Page MenuHomePhabricator

[BasicAA] Handle recursive queries more efficiently (NFCI)
Needs ReviewPublic

Authored by nikic on Oct 24 2020, 3:55 AM.

Details

Summary

An alias query currently works out roughly like this:

  • Look up location pair in cache.
  • Perform BasicAA logic (including cache lookup and insertion...)
  • Perform a recursive query using BestAAResults.
    • Look up location pair in cache (and thus do not recurse into BasicAA)
    • Query all the other AA providers.
  • Query all the other AA providers.

This is a lot of unnecessary work, all ultimately caused by the BestAAResults query at the end of aliasCheck(). The reason we perform it, is that aliasCheck() is getting called recursively, and we of course want those recursive queries to also make use of other AA providers, not just BasicAA. We can solve this by making the recursive queries directly use BestAAResults (which will check both BasicAA and other providers), rather than recursing into aliasCheck().

There are some tradeoffs:

  • We can no longer pass through the precomputed underlying object to aliasCheck(). This is not a major concern, because nowadays getUnderlyingObject() is quite cheap.
  • Results from other AA providers are no longer cached inside BasicAA. The way this worked was already a bit iffy, in that a result could be cached, but if it was MayAlias, we'd still end up re-querying other providers anyway. If we want to cache non-BasicAA results, we should do that in a more principled manner.

In any case, despite those tradeoffs, this works out to be a decent compile-time improvment: https://llvm-compile-time-tracker.com/compare.php?from=1a7a9efec3cf872dcf3e1a6e6fe39e797c4d9fc6&to=93127a4d7350261ed9ee2ccaa9c369eda2b60198&stat=instructions I think it also simplifies the mental model of how BasicAA works. It took me quite a while to fully understand how these things interact.

Diff Detail

Event Timeline

nikic created this revision.Oct 24 2020, 3:55 AM
Herald added a project: Restricted Project. · View Herald TranscriptOct 24 2020, 3:55 AM
nikic requested review of this revision.Oct 24 2020, 3:55 AM

This looks like a nice approach to clean up the recursion, thank you for working on this!

The issue I'd like to bring up is what is the impact on the actual AA results provided with this change. For compile time this is a clear gain, even if small.
But for run time, I'm seeing a regression of 22% in singlesource/dhrystone_fldry (optimized build on haswell), and a 31% on another non-public benchmark.
I'm also seeing a few nice gains, which may offset these regressions. So I'm trying to understand here, what's the difference in processing that leads to these discrepancies?

nikic added a comment.Wed, Nov 4, 9:56 AM

The issue I'd like to bring up is what is the impact on the actual AA results provided with this change. For compile time this is a clear gain, even if small.
But for run time, I'm seeing a regression of 22% in singlesource/dhrystone_fldry (optimized build on haswell), and a 31% on another non-public benchmark.
I'm also seeing a few nice gains, which may offset these regressions. So I'm trying to understand here, what's the difference in processing that leads to these discrepancies?
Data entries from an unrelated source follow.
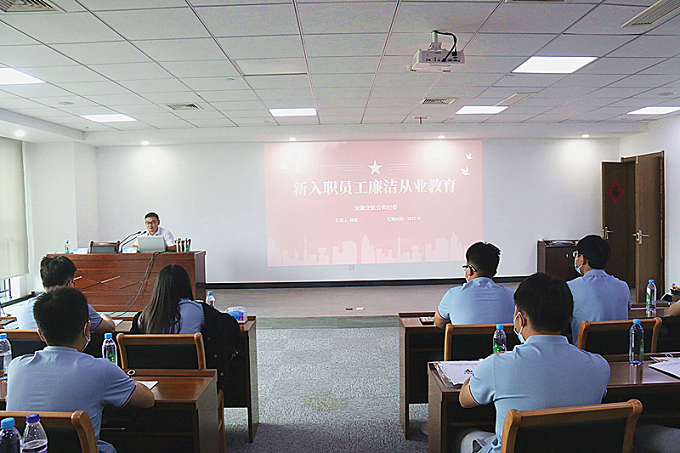 公司黨委委員、紀(jì)委書記楊松為新員工講授了廉潔從業(yè)教育課程
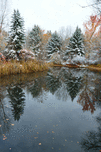 Picture-perfect setting, a dusting of new snow on a curve of pine trees, all reflected in a pond. Boise, Idaho
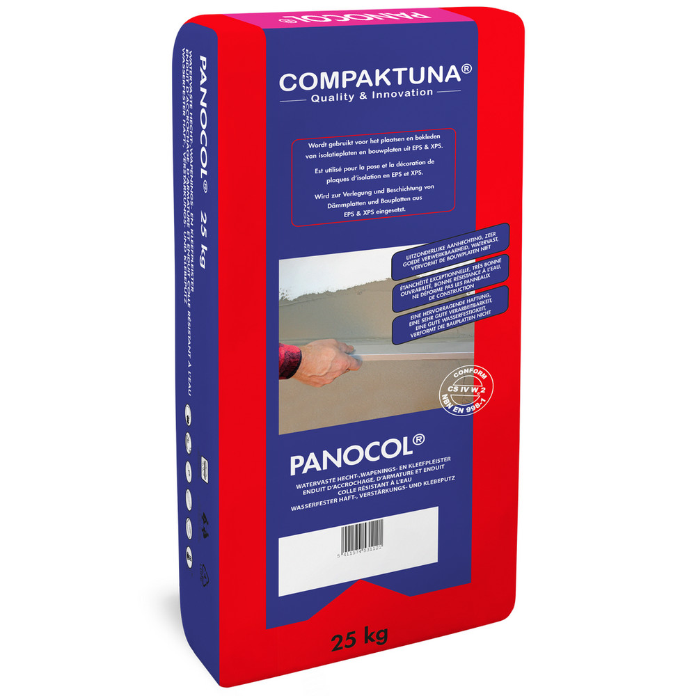 Compaktuna Panocol is speciaal ontwikkeld voor het verlijmen en bepleisteren van isolatieplaten en bouwplaten uit EPS en XPS. Dankzij de samenstelling van cement, geselecteerde kwartszanden en hoogwaardige toeslagstoffen biedt Panocol een uitstekende hechting op diverse ondergronden, waaronder baksteen, beton, gipsachtige ondergronden en prefab wanden.
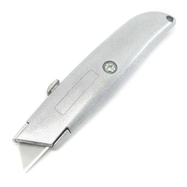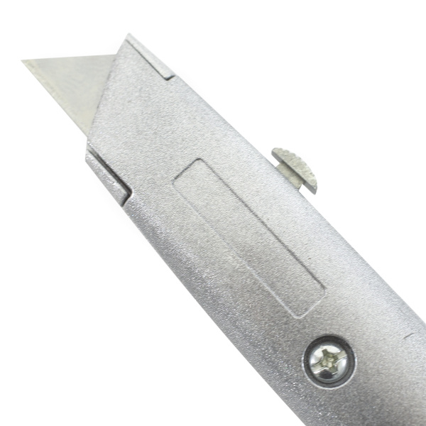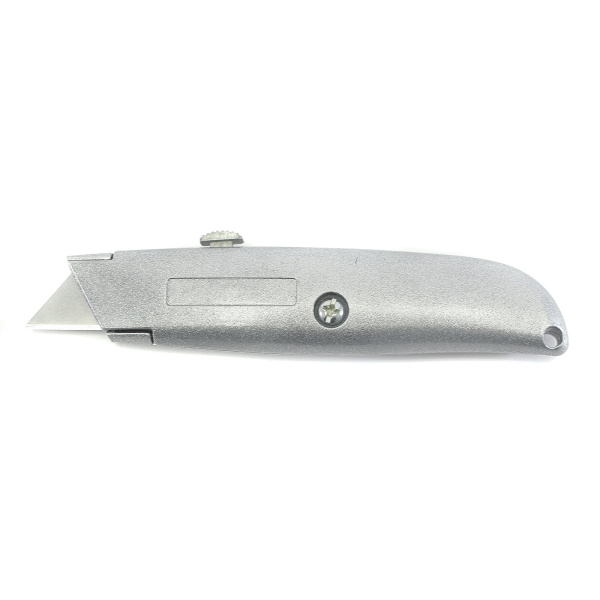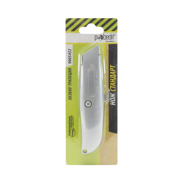 Металлический корпус, выдвижное трапециевидное лезвие. Автоматическая фиксация лезвия.

Thanks for running those tests! I'm trying to reproduce the Dhrystone fldry results, but wasn't able to produce a binary hash difference before/after this patch after trying various flag combinations (including -fexperimental-new-pass-manager and -farch=haswell). Would it be possible to share the CMake configuration that is being used?

nikic added a comment.Sun, Nov 8, 7:18 AM

I've been staring at this code for a while, but can't spot the pathway which would produce different results. At least under the assumption that BasicAA is the first AA provider, which is the case for standard pipelines.

I've also tried to collect some AliasResults stats (using this hack: https://gist.github.com/nikic/101258f96b9973d63ab2fb92acbca028) in the hope that I can find a difference somewhere, but came up empty.

nikic updated this revision to Diff 305828.Tue, Nov 17, 9:27 AM

Strip pointer casts in GlobalsModRef. This *might* be the cause for observed differences, as previously the call from BasicAA would have been performed with casts stripped.